But which prices matter? Bloomberg’s Javier Blas pointed out that the price of WTI—while important to Wall Street, and to Trump—is far less important to ordinary consumers than the bundle of products produced from crude oil, like diesel, jet fuel, and gasoline. “Those are all individual commodity markets,” Johnston told me. “Refineries refine a barrel of crude oil into a cocktail of those products. It can change which crudes it will refine. It can change the yields. But, as a general rule, a refinery can’t turn one barrel of oil into one barrel of gasoline.” Blas writes, “While the price of Texas crude is up 60 percent since January, the cost of key everyday fuels has risen by between 85 percent and 120 percent.”
While higher prices at the pump are certainly a concern for drivers in the U.S. and their elected officials, poorer countries that depend on fuel imports are likely to face real, painful supply constraints, losing out on increasingly costly bids for tankers to wealthier buyers in the U.S., Europe, and East Asia. As a result, oil import–dependent nations have adopted creative measures like mandating four-day workweeks and imposing penalties on gas-powered cars. “If you can’t afford higher prices, you can’t incentivize that gasoline tanker floating around at sea into your country,” Johnston says. “Even if you are the person who is wealthy and can afford it, there will not be any gas in the gas station because the gas station was not able to justify purchasing those supplies.”
If turmoil at the Strait of Hormuz persists, the World Food Program estimates that an additional 45 million people could face acute food insecurity this year, as aid supply chains are snarled and poorer countries become unable to import and produce fertilizers ahead of key planting seasons for staple crops like rice.

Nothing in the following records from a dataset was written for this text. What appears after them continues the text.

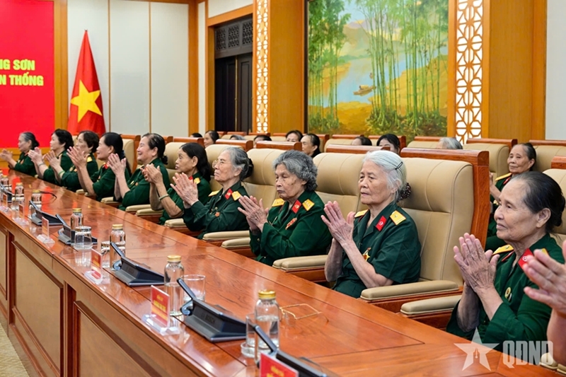 Speaking at the meeting, on behalf of the Central Military Commission and the Ministry of National Defense, General Phan Van Giang extended his warm greetings, heartfelt congratulations, and deepest gratitude to the former female Truong Son drivers; hoped that they will continue to serve as torches of tradition, sharing with younger generations their moving stories of the spirit that “the heart may stop beating, but the hands never leave the wheel,” of patriotism, and of unshakable faith in the Party, the military, and the triumph of the revolution. He emphasized that the spirit and character of the female Truong Son drivers remain invaluable moral assets, nurturing self-reliance, resilience, and the aspiration to rise.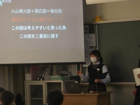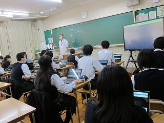 6時限目に,1,2年次生を対象に科学出前講座が行われました。東京大学大学院から講師の方をお招きして「私たちのカラダにかくされた進化の秘密」というテーマで,お話をしていただきました。肌の色や体の大きさ、かかりやすい病気の種類など、個人間でも実に様々な違いがあること,ヒトの特徴が、進化の過程でどのようにして生じてきたのかについて学ぶことができました。話の中では,理科の分野だけでなく,環境や歴史に関わる話もあり,生徒たちは,理科への興味を深めただけでなく,様々な分野の学習に取り組む大切さを学んだようです。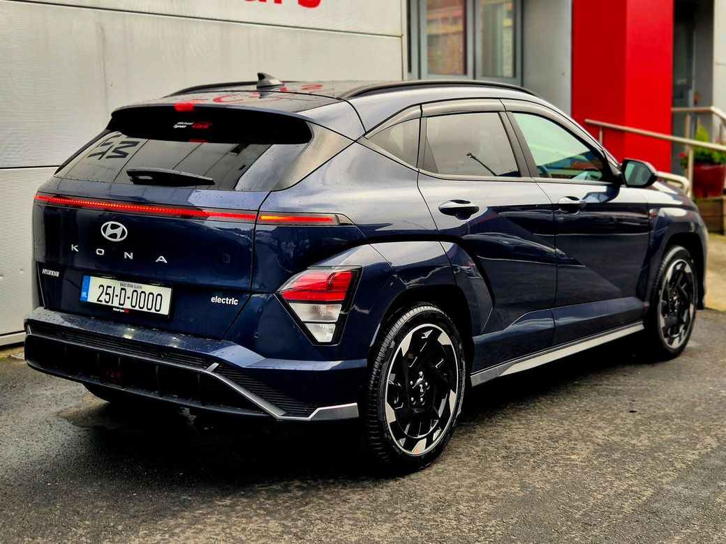 Welcome to Michael Tynan Cars - Conveniently located just off the M50 at Newlands Cross, Naas Road, since 1986. Hyundai Kona N Line 65kWh Auto (Range 400km) Wireless Phone Charger + Heated Front Seats - First Registered October 2025 - Trade in Price €34,888 65kWh - 400km range 17" Diamond Cut Alloys, Automatic Transmission, Paddle Controls, Privacy Glass, Grey Fabric Upholstery, Heated Seats, Heated Steering Wheel, CarPlay / Android Auto, Reverse Camera, Bluetooth Connection, Touch Screen, Adaptive Cruise Control, Climate Control, Parking Sensors. Push Button Start, Electric Heated Door Mirrors, Retractable Door Mirrors, Auto Dimming Mirror, Rain Sensing Wipers, Lane Departure, Roof Rails, Traction Control, LED Daytime Lights, Comprehensive Warranty. Whilst we endeavour to be accurate with all the details and specifications listed, errors can and do happen. Please confirm to your satisfaction the specification of the car you are interested in before putting down your deposit. Specification differences noted afterwards cannot be rectified. Low Rate Finance Available. Part Exchanges Welcome. Best Price Given on Inspection. Quality Cars at Affordable Prices with the Lowest Cost to Change. Thank you for viewing. FULL MAIN DEALER FACILITIES Authorised Service Agent for Kia & Mitsubishi, Family Run Business, Established 1986, SIMI Member, AA Approved, Finance Arranged, Trade Ins Taken, All Cars Fully Serviced, All Cars Fully Valeted, All Cars History Verified, All Cars Warrantied. CHECK OUT OUR REVIEWS ON GOOGLE & FACEBOOK. CALL TODAY TO ARRANGE A TEST DRIVE 01 403 6700.

Shanaka Anslem Perera writes that four of Bangladesh’s five urea factories have been shut down as a result of government-ordered gas rationing, imposed after Qatar began halting gas exports. Attacks in that country have shuttered 17 percent of the world’s LNG capacity, as well as the largest single-site urea exporter on the planet. “The shutdown,” he adds, “coincides with Boro rice season, which accounts for more than half of Bangladesh’s approximately 40 million tonne annual grain output. Current stockpiles of roughly 468,000 to 525,000 tonnes provide a buffer measured in weeks, not months.”
The wide-ranging human costs of this war apparently haven’t registered with the White House. Pentagon officials seem to be ordering missile strikes with about as much care as they invest in summoning a burrito from Uber Eats; those tracking their macros may well spend more time deliberating between chicken and carnitas than they do considering whether a direct hit will kill 10, 20, or 150 civilians. At least 1,500 people are believed to have been killed in Iran so far.
Trump would much rather talk about gas prices than the 13 U.S. soldiers who’ve died in his pointless war, or the more than 324 children killed across Iran and Lebanon. Discussions about fuel costs, supply chains, and futures markets matter because millions of lives and livelihoods depend on them. They shouldn’t distract attention away—as the president might hope—from the thousands being starved, maimed, impoverished, and killed because of a nihilistic war of aggression waged by leaders who couldn’t care less.